Meditate reflectively each day: Focus on all the facts, especially the ones you believe are inconsequential. Try to process these facts for what they are: Sticking points. You may not know why you constantly dwell on them, but they are important.
If you break down, so what? If you are being honest with yourself, you are allowed to lose it from time to time. Crying is a sign of progress. That’s how progress is made.
Every day, work hard to establish your "trust zone." You may not achieve this all the time, but it is very important to TRY! It isn’t easy walking around in this world, trusting no one! If no one else, trust yourself… that’s a start!
I don’t do that!
Here’s an old joke I use as an analogy: I went to the doctor yesterday and I told him it hurts when I move my arm like that. He told me ‘Don’t do that!’ Sometimes, it is as simple as that! If you don’t like what’s on the TV, you change the channel. That was yesterday. You aren’t that person anymore. You can do the same with life!
Live for today: A toddler starts his/her life by making slow progress.
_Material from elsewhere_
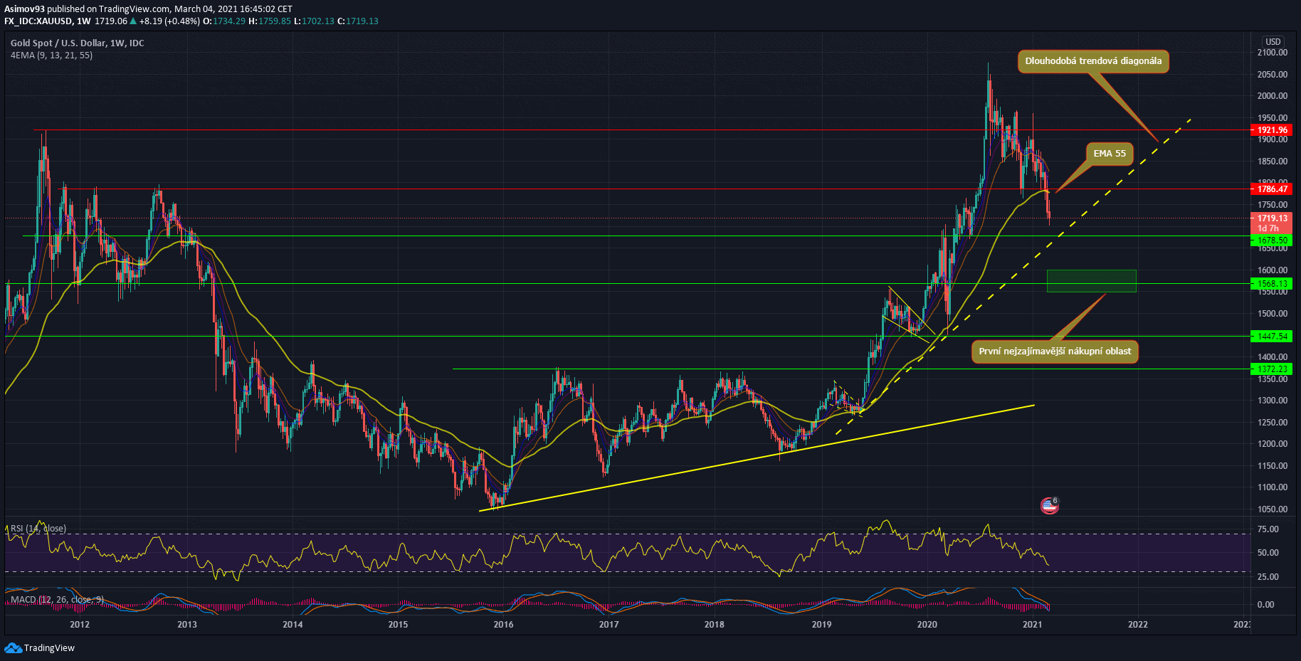 Nyní si ukážeme důležité technické úrovně na týdenním grafu, kdy nejbližší je S/R level 1 678 USD/unce, ale nejlákavější nákupní oblast je až kolem S/R levelu 1 568 USD/unce. Z aktuální ceny by ovšem zlato muselo klesnout o dalších cca 9 %, což je zrovna na trhu se zlatem hluboký pokles.

One day they are sucking their thumb, the next day, they roll over. Then, they learn how to crawl, stand up, and finally, walk. Luckily, we don’t have to ‘re-invent the wheel,’ but, to enrichen our lives, we do have to slow down, and live day-by-day.
Remember, each day brings us the chance to be someone new! An aged axiom I closely relate to is this: ‘If you always do what you’ve always done, you will always get what you always got!’ Break away from the insanity of doing the same thing and expecting a different result. That will never work!
I am a firm believer in ‘Paying it Forward.’ I hope someone, anyone, will read this and apply some part of it to their own existence. It has taken decades of counseling for me to be at peace with myself. If I could impart just one thought into another person’s mind, it would be:
“Live today like it’s the best day of your life!"
All comments are welcome and I thank you for reading this!
Please note: I am not a doctor, nor a professional counselor. I am an average guy with a very different perspective, gained from 40+ years of my own personal counseling. What works for me may not work for you.